Why not just simplify the whole process and make regular unscheduled payments against the principle?

And finally banks aren't stupid, they wouldn't allow something that makes them ridiculous amounts of money like a 30yr loan, to simply be bypassed and paid off in 3 years using nothing more than money magic tricks.  Regardless of any money tricks you try to pull, you still need a minimum of 90k to pay off a 90k mortgage.  And your not going to earn 90k worth of disposable income in the 3 - 5years you claim is possible by making your cited 3k a month no matter what tricks you try to play with the interest rates.

Post: questions on a first rental property

Ben ZimmermanPosted
  • Rental Property Investor
  • Raleigh, NC
  • Posts 393
  • Votes 995

@Jerry Padilla Is the 15% down a requirement due to it being NOO? And if so is it still 20% to avoid PMI or does that jump to 25-30?

Post: questions on a first rental property

Ben ZimmermanPosted
  • Rental Property Investor
  • Raleigh, NC
  • Posts 393
  • Votes 995

Hello BiggerPockets!

My situation: I purchased my home last year for 165k, and have roughly 45k in equity. I have a decent job and am saving ~2k a month with ~30k in savings. I am looking to buy my first rental with long term strategy of buy and hold, and am constantly flipping back and forth between SFR versus MFR. I know that I will only live in the area for at maximum another 2 years so I will need to rely on a property manager which will ultimately eat into some profits either way. When it comes to SFR I prefer recently built homes to (hopefully) reduce long term expenses.

Being 100% realistic, I likely will find a decent, but not great deal due to being inexperienced.  But sometimes simply getting into the game so to speak is better than constantly waiting for lightning to strike.  Due to this fact profit margins may not be as large as some of you are used to seeing.

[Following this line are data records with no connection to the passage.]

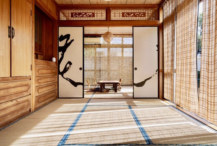 畳は張り替えて朝日が入りやすいように竹のカーテンを使った。朝日が竹のカーテンから室内に差し込む様子はすごく綺麗です。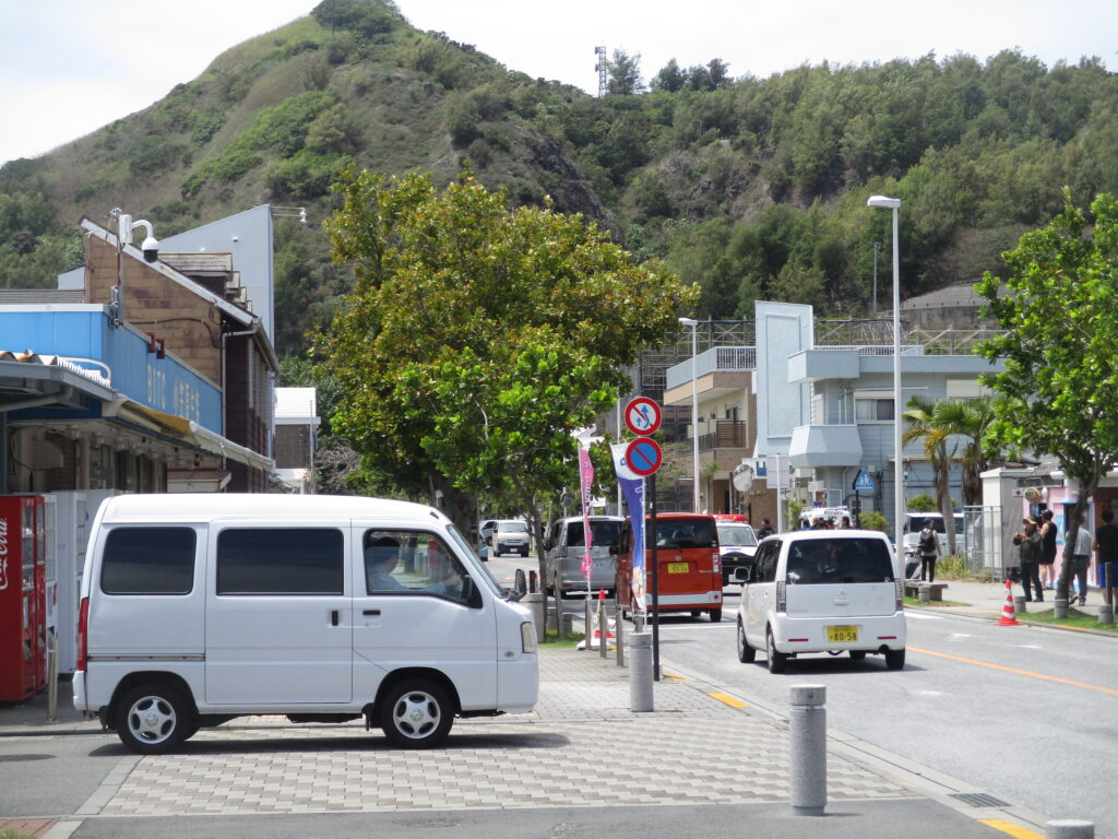 おがさわら丸が入港すると、それまでの静かな島は一変、急に忙しく動き出します。写真はメインストリートに渋滞が発生している様子。今便には448名が乗船していたようです(=448名が一気に父島へやって来た状態)。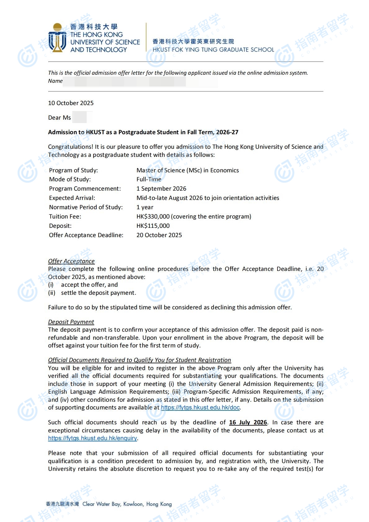 通过香港科技大学经济学硕士学位课程的学习,学生将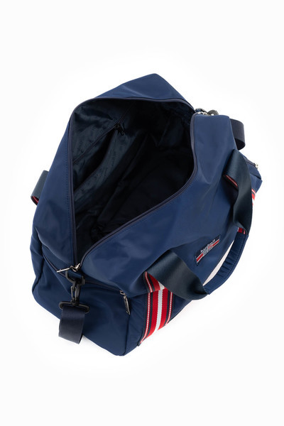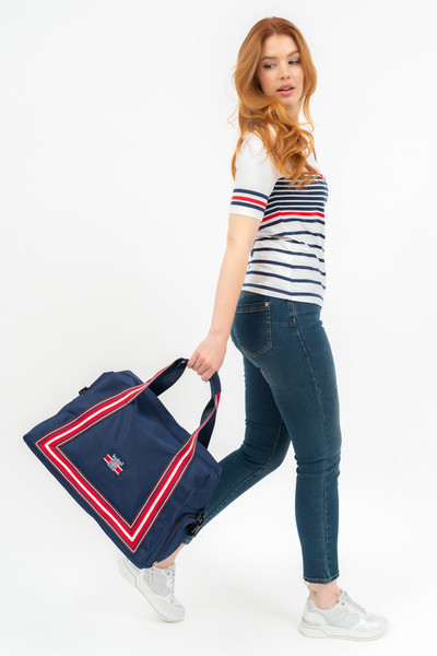 45X28X20 CM. Női textil sporttáska, utazótáska . Anyaga vízlepergető . Cipzáras zsebekkel . állítható, leszedhető vállpánttal . Szövött címkével díszítve.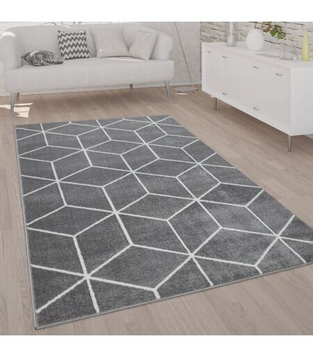 Paco Home Tapis De Salon Poils Ras Style Scandinave Moderne Motif Diamant Gris Blanc 160x220 cm, Gris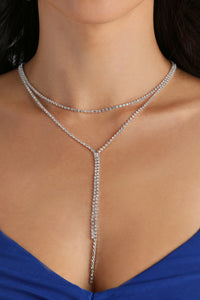 Adorn your neck with this glam layered lariat necklace for homecoming or a black tie soiree! The necklace features a double-layered design with rhinestone embellishments leading to a lariat-style fringe. Includes a back adjustable chain with a lobster clasp closure. Complete the look with earrings.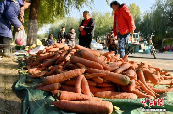 10月16日,吉林長(zhǎng)春,市民在挑選胡蘿卜。當(dāng)下正是中國(guó)東北民眾“囤秋菜”的季節(jié),滿(mǎn)載大蔥、白菜、胡蘿卜等秋菜的貨車(chē)停靠在長(zhǎng)春市區(qū)指定銷(xiāo)售區(qū)域,市民們穿梭挑選,忙碌地儲(chǔ)備過(guò)冬秋菜。中新社記者 張瑤 攝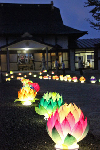 墓参りでにぎわうお盆の14日、大崎市古川沢田にある遍照院の参道に、薄い紙でハスの花をかたどったランタン100個が並べられた。日が落ちて辺りが暗くなるほどに美しさを増し、訪れた住民たちは一夜限りのライトアップを楽しんでいた。同寺院の護持会長、斎藤善清さん(75)が古川長岡地区公民館で開かれたランタン作り教室に参加し、美しさに魅了されたのがきっかけ。護持会の女性たちに協力を呼び掛け、同館職員2人も加わり、先月末から急いで100個を完成させた。この日は夕方から関係者が集まり、ランタンの色と設置する間隔のバランスを考えながら、参道の両脇に配置。前日のリハーサルを踏まえ、風に飛ばされないよう補強する工夫も施した。初の試みに、住民たちは「きれいだね」「お盆らしくてすてき」などと言いながら、スマートフォンで写真や動画を撮影していた。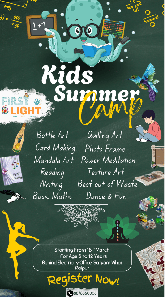 "First Light Premium Pre School is a leading preschool in Raipur, Chhattisgarh, that offers a holistic and nurturing environment for your child's early education. The preschool follows an integrated curriculum that combines Montessori, Playway, and Multiple Intelligence methodologies to foster the physical, cognitive, social, and emotional development of your child. The preschool has well-equipped classrooms, indoor and outdoor activity areas, CCTV cameras and trained staff to ensure the safety and comfort of your child. First Light Premium Pre School also provides weekend childcare, emergency services, and activity classes for your child's convenience and enrichment. Enroll your child today and give them the best start in life at First Light"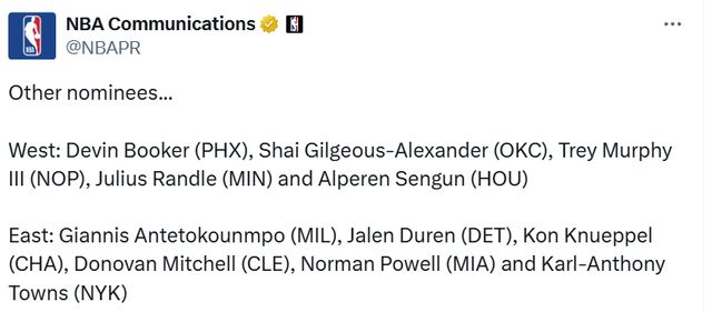 西部:布克(太阳)、亚历山大(雷霆)、墨菲(鹈鹕)、兰德尔(森林狼)、申京(火箭) 东部:字母哥(雄鹿)、杜伦(活塞)、克努佩尔(黄蜂)、米切尔(骑士)、鲍威尔(热火)、唐斯(尼克斯) |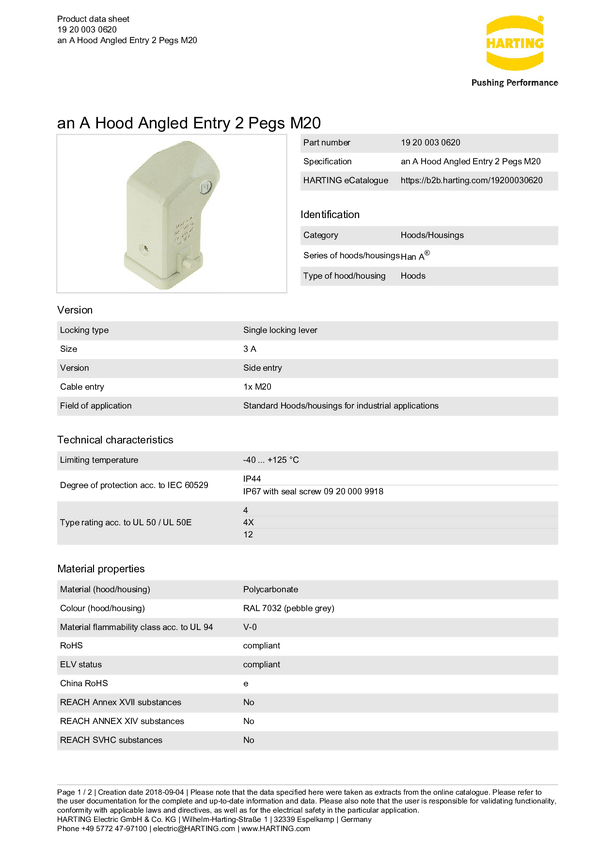 Obudowa tulejki 19 20 003 0620 Harting 1 szt.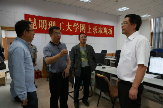 7月5日上午,昆明理工大学校长彭金辉、副校长袁希平在相关部门负责人的陪同下,先后走访了莲华校区昆明理工教育发展有限公司、昆明理工大学网上录取现场,呈贡校区办公楼组织部办公室、校办公室、保卫处校园110控制室、怡园学生社区宿舍楼、怡园学生食堂、校医院,看望并慰问了暑假期间依然坚守在工作岗位一线的教职工们,并现场了解招生、办公场所调整、维修项目进展等各项暑期工作进展情况,并专程前往1号网球馆看望了备战本月25日在学校召开的全国大学生网球比赛的师生们。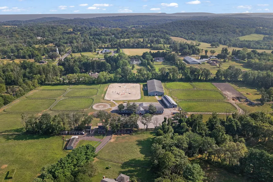 Currently the NJ home of Emil Spadone's Redfield Farm, Fieldsteps Farm is a professionally-designed facility with a 26-stall main barn, additional stand-alone shed stalls with turnout, outdoor arena, 80x200 indoor arena with premium footing and LED lighting, exercise walker, roundpen/lungeing arena, clear-span pole barn (currently used for temporary overflow stabling), fenced pastures, and direct access to the Tewksbury Trail system with the horse-friendly 180-acre Christie Hoffman Farm Park nearby. The main barn also features a lounge area with full bathroom, six wash stalls with hot/cold water (two with heat lamps), two tack rooms, a feed room, laundry/storage room, a second-floor office with dedicated half bath, and hayloft with a bale capacity. The residence is part of an established subdivision community of similar style homes and while it overlooks the equestrian facilities, it has separate driveway access from the stables, maintaining a comfortable degree of separation/privacy between the two elements of the property. 50 minutes from both NYC and Lambertville/New Hope and near the border of Long Valley and Chester, Fieldsteps Farm combines the rural beauty of its location in an equestrian-friendly, upscale community with the unmatched convenience of proximity to major highways, Newark Airport, and Tewksbury's top-rated schools.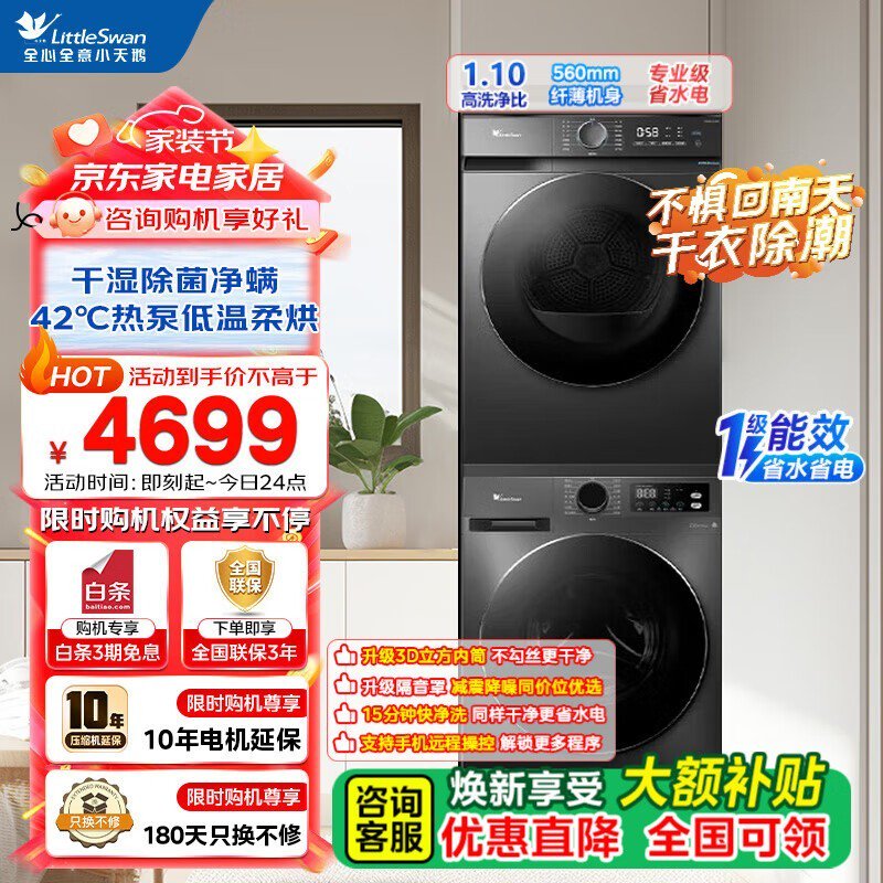 小天鹅洗烘套装 原价4498现2798可拿下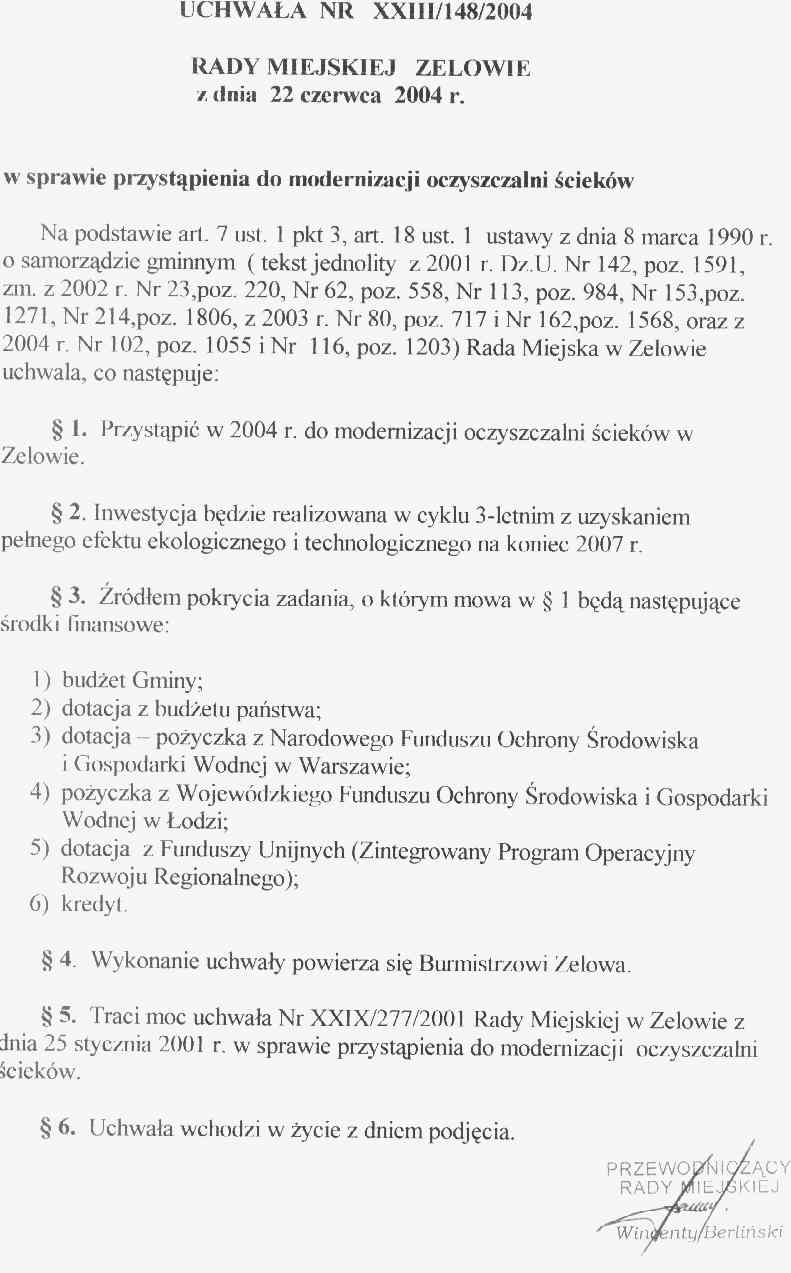 | Tytuł aktu prawnego - skrócony: | Uchwała Rady Miejskiej w Zelowie w sprawie przystąpienia do modernizacji oczyszczalni ścieków. |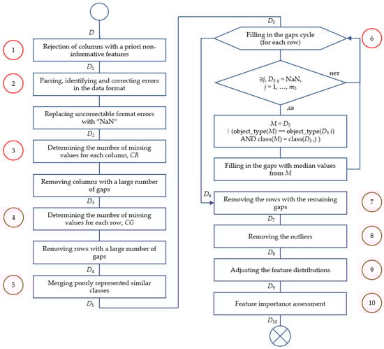 Figure 1 highlights the steps of the 1st iteration of the data preprocessing algorithm (number in red circle means step number, Section 2.2 and Section 2.3 contain step descriptions). This section provides a more detailed description of the actions taken (designations are employed as follows: D is the initial dataset, cutrow(A, b) is removing rows with numbers from vector b out of matrix A, cutcol(A, b) is removing columns with numbers from vector b out of matrix A, and nk and mk are the numbers of rows and columns in matrix Dk, respectively).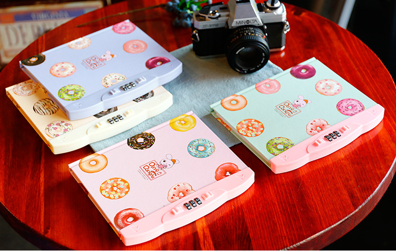 商品名称:甜甜圈 36K密码本 韩版小清新彩页笔记本 卡通可爱带锁日记本记事本
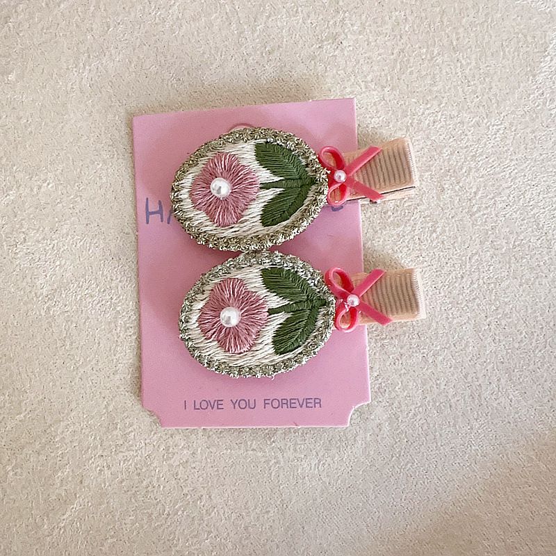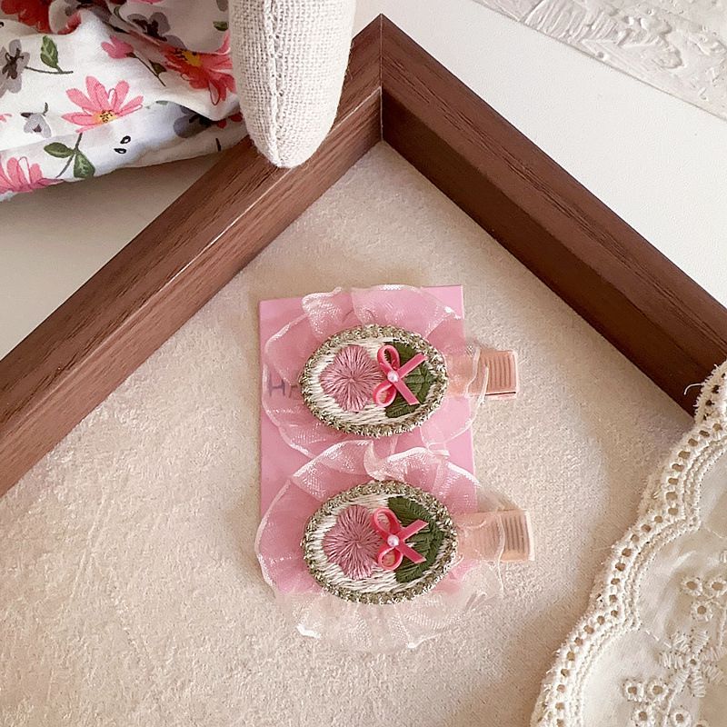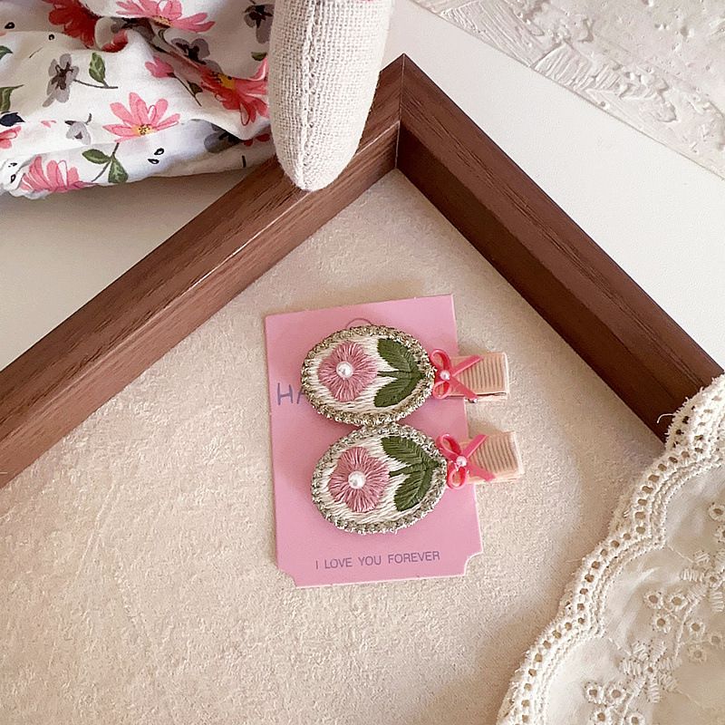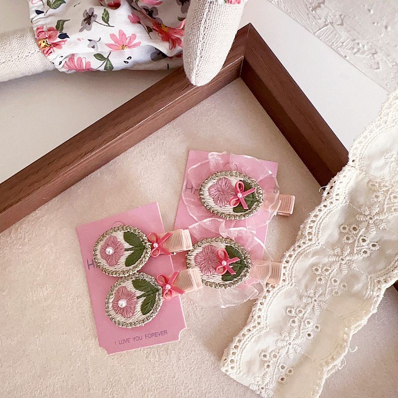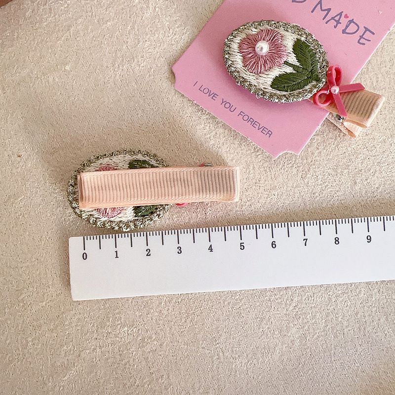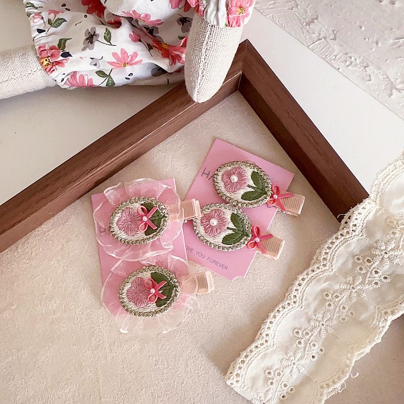 法式花朵刺繡髮夾-荷葉邊款2入組

Sadly, 30k is at the very low end for what is available for 20% down on a SFR here in phoenix. However a newer home in that price point would be along the outskirts of town, in a decent area. A multifamily may not be doable considering I likely would not meet the 20% requirement for even the cheapest quads. What would the experts at BP suggest? I see many people buying MFRs as their first rentals. Is it worth potentially waiting for funds to improve to buy a lower end MFR? Or press on and 'get in the game' with a SFR? I know SFR tends to appreciate more than MFR, and while appreciation sometimes seems like a dirty word in this business and everything centers around cashflow, I am in this for the long haul and have 30+ years for appreciation to occur. Given this fact appreciation can be very large and isn't something that should be completely overlooked.

Finally, do you feel that potentially buying two properties using 10% down is a better solution? It's guaranteed to be more pricey on a monthly basis due to PMI ect, but would allow for faster long term growth. The down side being profit margins would already likely be somewhat slim as is.